▸ Exercise prompt
Retype each entry exactly. Skip any pictures.

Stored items
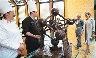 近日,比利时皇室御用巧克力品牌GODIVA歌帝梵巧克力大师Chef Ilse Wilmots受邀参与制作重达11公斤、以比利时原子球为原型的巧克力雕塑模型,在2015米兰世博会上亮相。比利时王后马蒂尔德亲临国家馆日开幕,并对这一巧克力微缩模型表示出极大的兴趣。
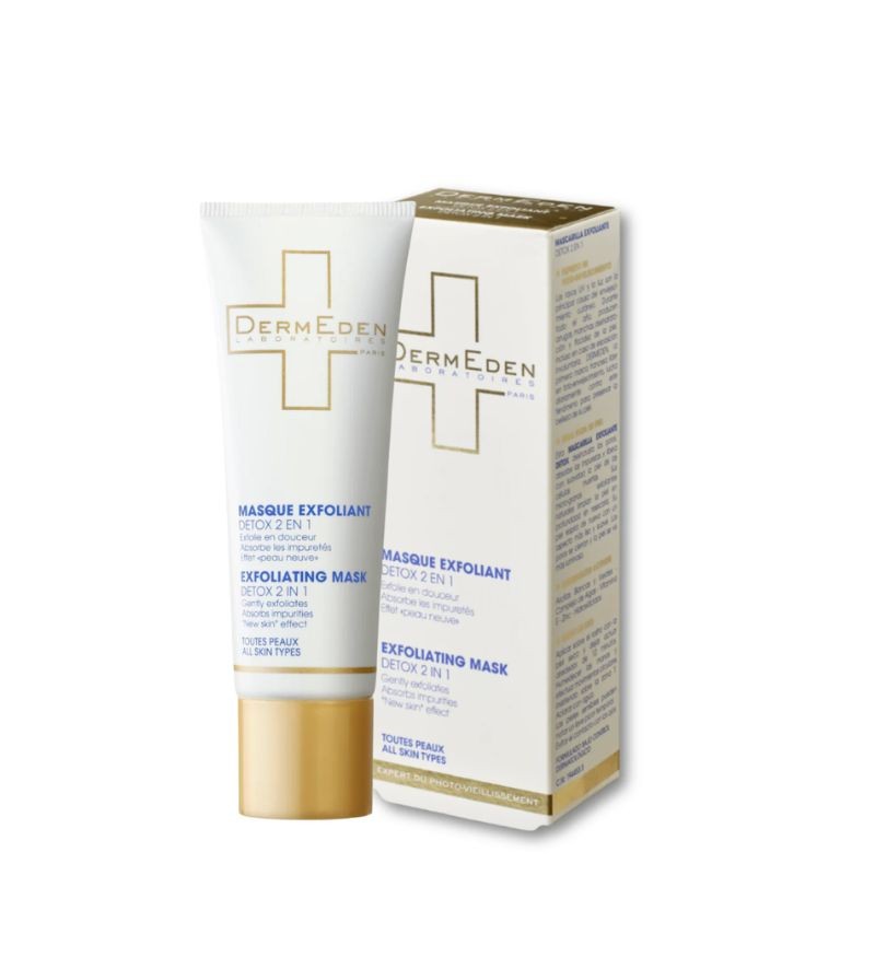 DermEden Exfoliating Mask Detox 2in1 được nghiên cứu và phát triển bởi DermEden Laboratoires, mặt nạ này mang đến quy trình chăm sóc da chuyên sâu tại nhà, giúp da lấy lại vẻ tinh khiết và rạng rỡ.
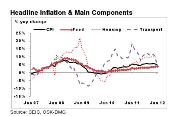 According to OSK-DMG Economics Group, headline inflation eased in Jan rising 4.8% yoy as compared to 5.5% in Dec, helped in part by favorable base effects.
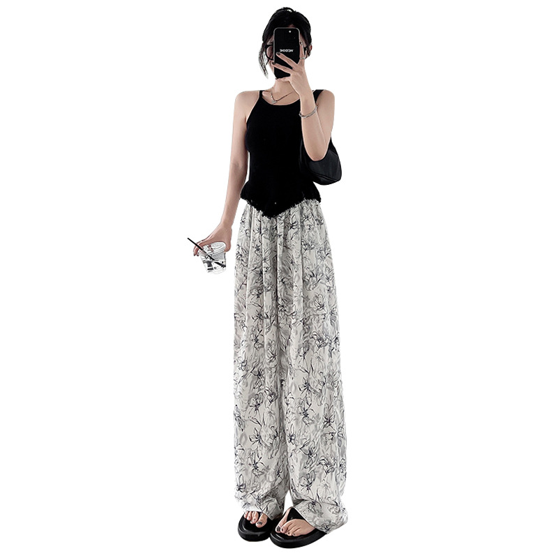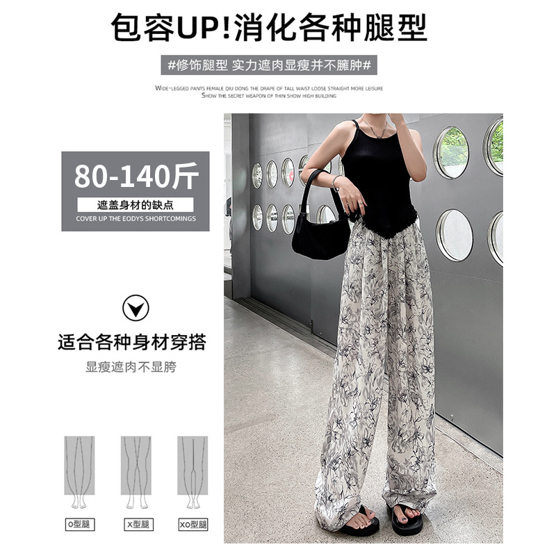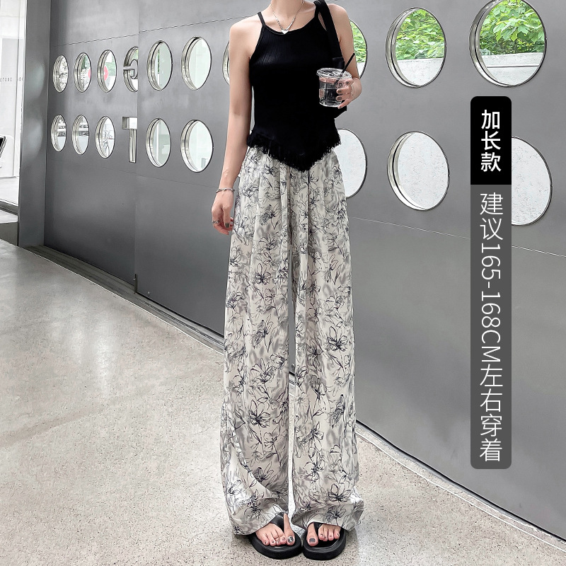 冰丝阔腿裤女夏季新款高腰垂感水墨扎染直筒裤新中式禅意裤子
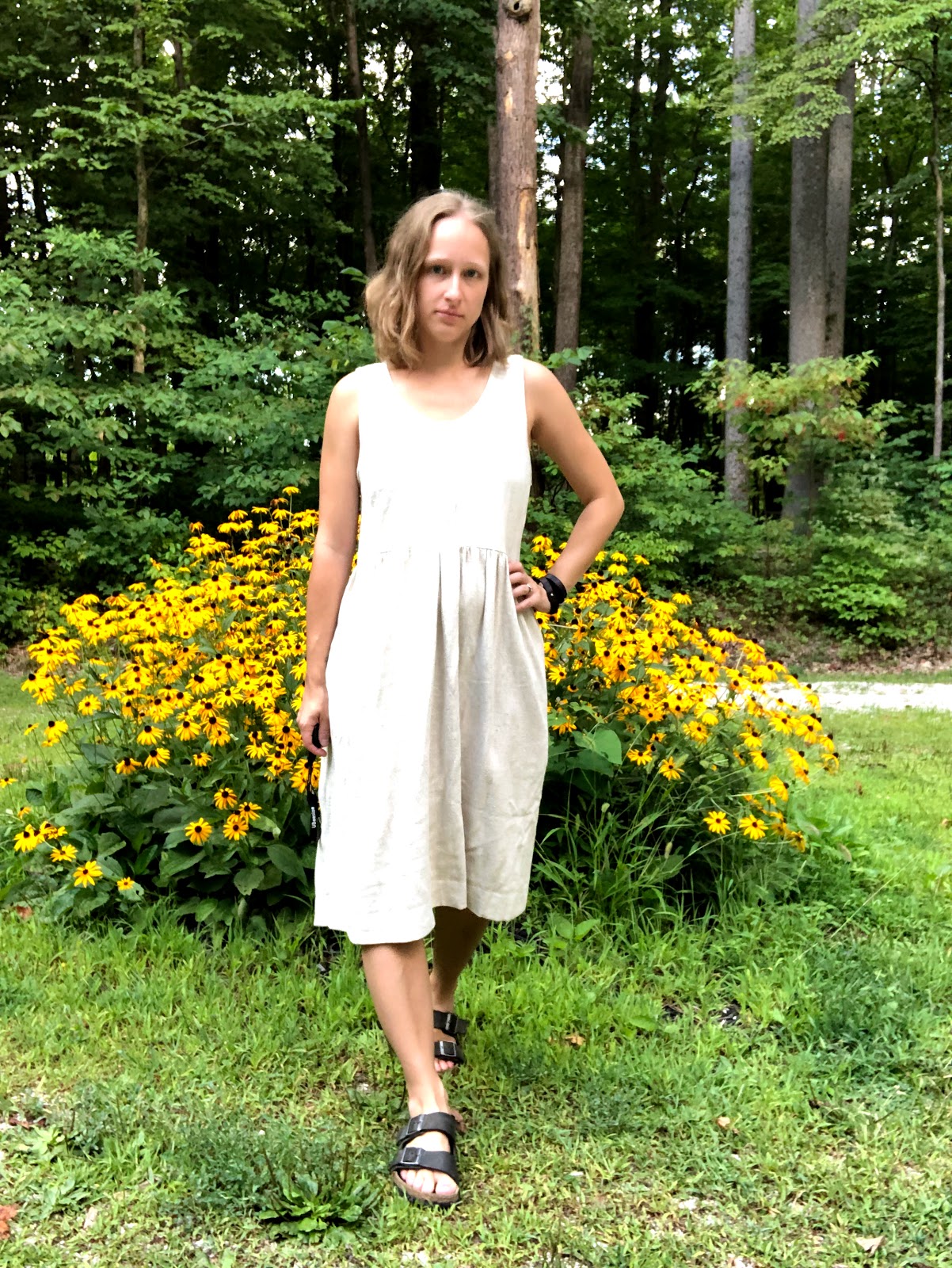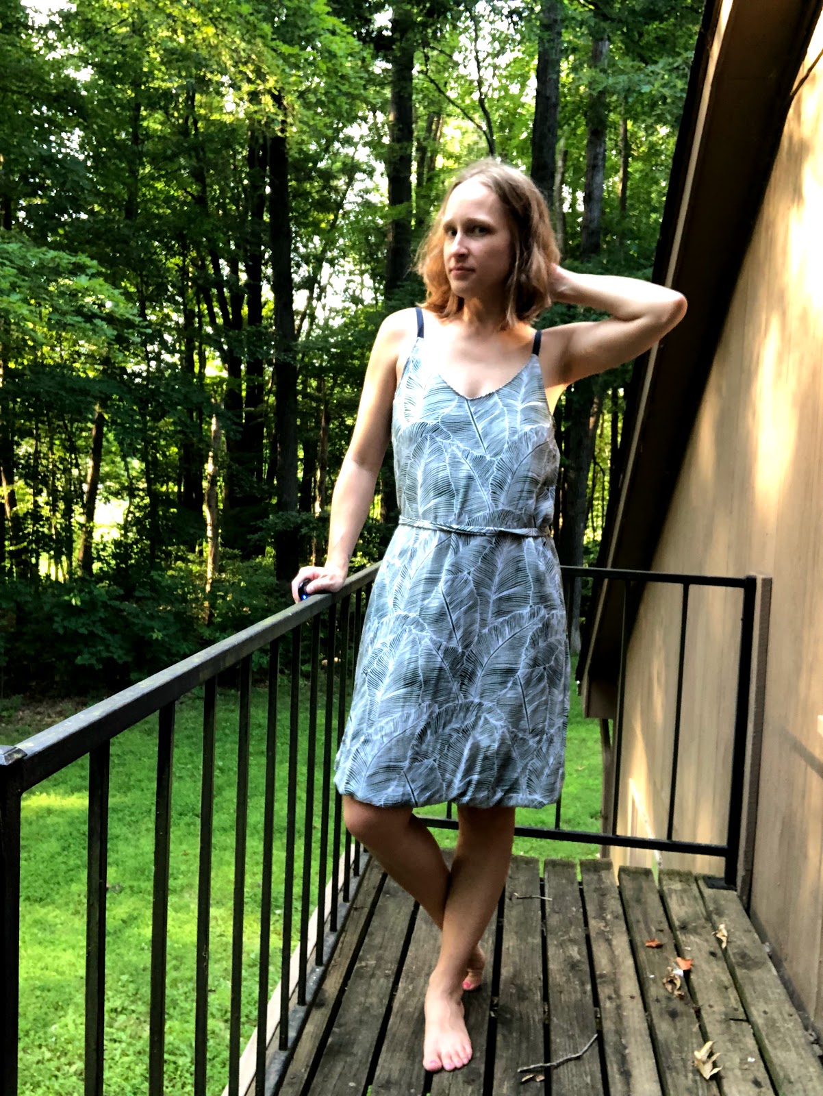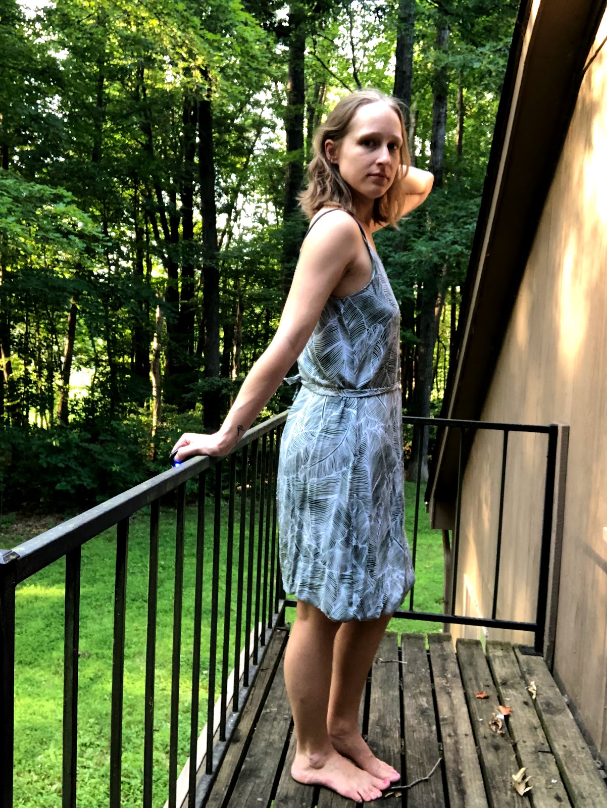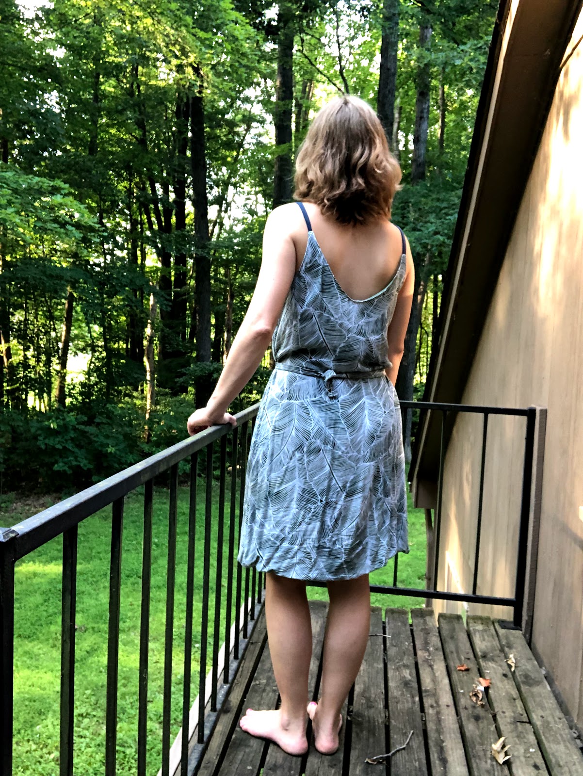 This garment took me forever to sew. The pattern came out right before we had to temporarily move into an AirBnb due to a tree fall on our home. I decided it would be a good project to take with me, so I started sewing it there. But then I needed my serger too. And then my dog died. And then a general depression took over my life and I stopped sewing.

▸ Written response
 近日,比利时皇室御用巧克力品牌GODIVA歌帝梵巧克力大师Chef Ilse Wilmots受邀参与制作重达11公斤、以比利时原子球为原型的巧克力雕塑模型,在2015米兰世博会上亮相。比利时王后马蒂尔德亲临国家馆日开幕,并对这一巧克力微缩模型表示出极大的兴趣。
 DermEden Exfoliating Mask Detox 2in1 được nghiên cứu và phát triển bởi DermEden Laboratoires, mặt nạ này mang đến quy trình chăm sóc da chuyên sâu tại nhà, giúp da lấy lại vẻ tinh khiết và rạng rỡ.
 According to OSK-DMG Economics Group, headline inflation eased in Jan rising 4.8% yoy as compared to 5.5% in Dec, helped in part by favorable base effects.
 冰丝阔腿裤女夏季新款高腰垂感水墨扎染直筒裤新中式禅意裤子
 This garment took me forever to sew. The pattern came out right before we had to temporarily move into an AirBnb due to a tree fall on our home. I decided it would be a good project to take with me, so I started sewing it there. But then I needed my serger too. And then my dog died. And then a general depression took over my life and I stopped sewing.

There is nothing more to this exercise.